■ Description of the task:
From the first line to the last, repeat the data exactly and drop the pictures.

■ Dataset extract:
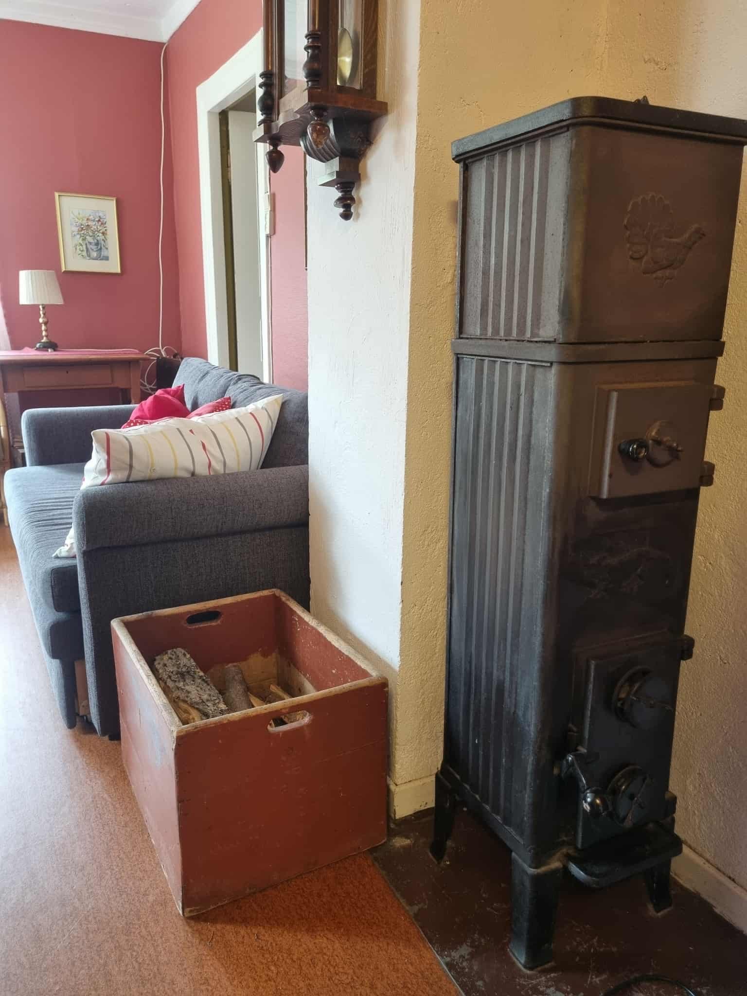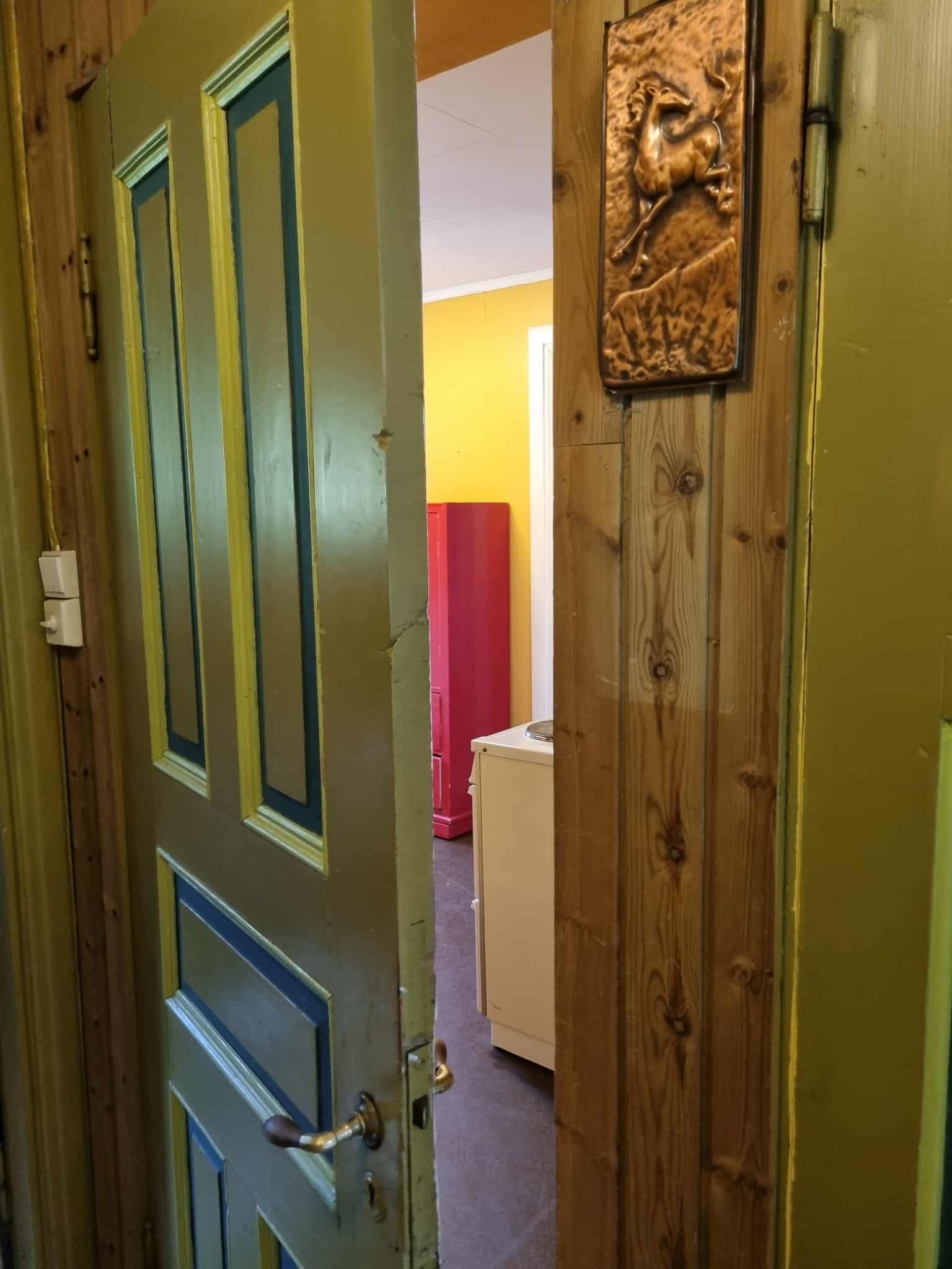 Kårdelen ligg i 1. etasje i hovudhuset på garden. Her bur du tett på historia, med tømmerveggar, rosemalte skap og ein atmosfære som gir ro i sjela.
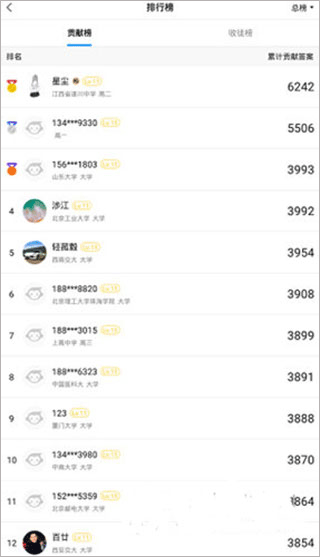 3、点击“排行榜”即可查看排行榜上的各项数据了
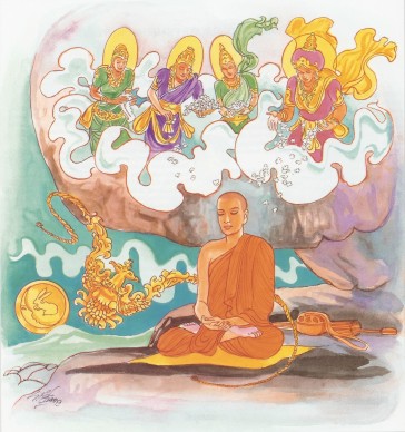 Sommige monniken kwamen naar hem toe om naar een geschikt meditatie onderwerp te vragen dat in overeenstemming was met hun karakter. De monniken groetten de Boeddha en gingen naar hun verblijfplaatsen waar zij de dag en de nacht door zouden brengen. Sommigen gingen naar het woud. Sommigen gingen naar de voet van bomen. Sommigen gingen naar een berg, en er waren er, die naar de deva-werelden gingen.

■ Result:
 Kårdelen ligg i 1. etasje i hovudhuset på garden. Her bur du tett på historia, med tømmerveggar, rosemalte skap og ein atmosfære som gir ro i sjela.
 3、点击“排行榜”即可查看排行榜上的各项数据了
 Sommige monniken kwamen naar hem toe om naar een geschikt meditatie onderwerp te vragen dat in overeenstemming was met hun karakter. De monniken groetten de Boeddha en gingen naar hun verblijfplaatsen waar zij de dag en de nacht door zouden brengen. Sommigen gingen naar het woud. Sommigen gingen naar de voet van bomen. Sommigen gingen naar een berg, en er waren er, die naar de deva-werelden gingen.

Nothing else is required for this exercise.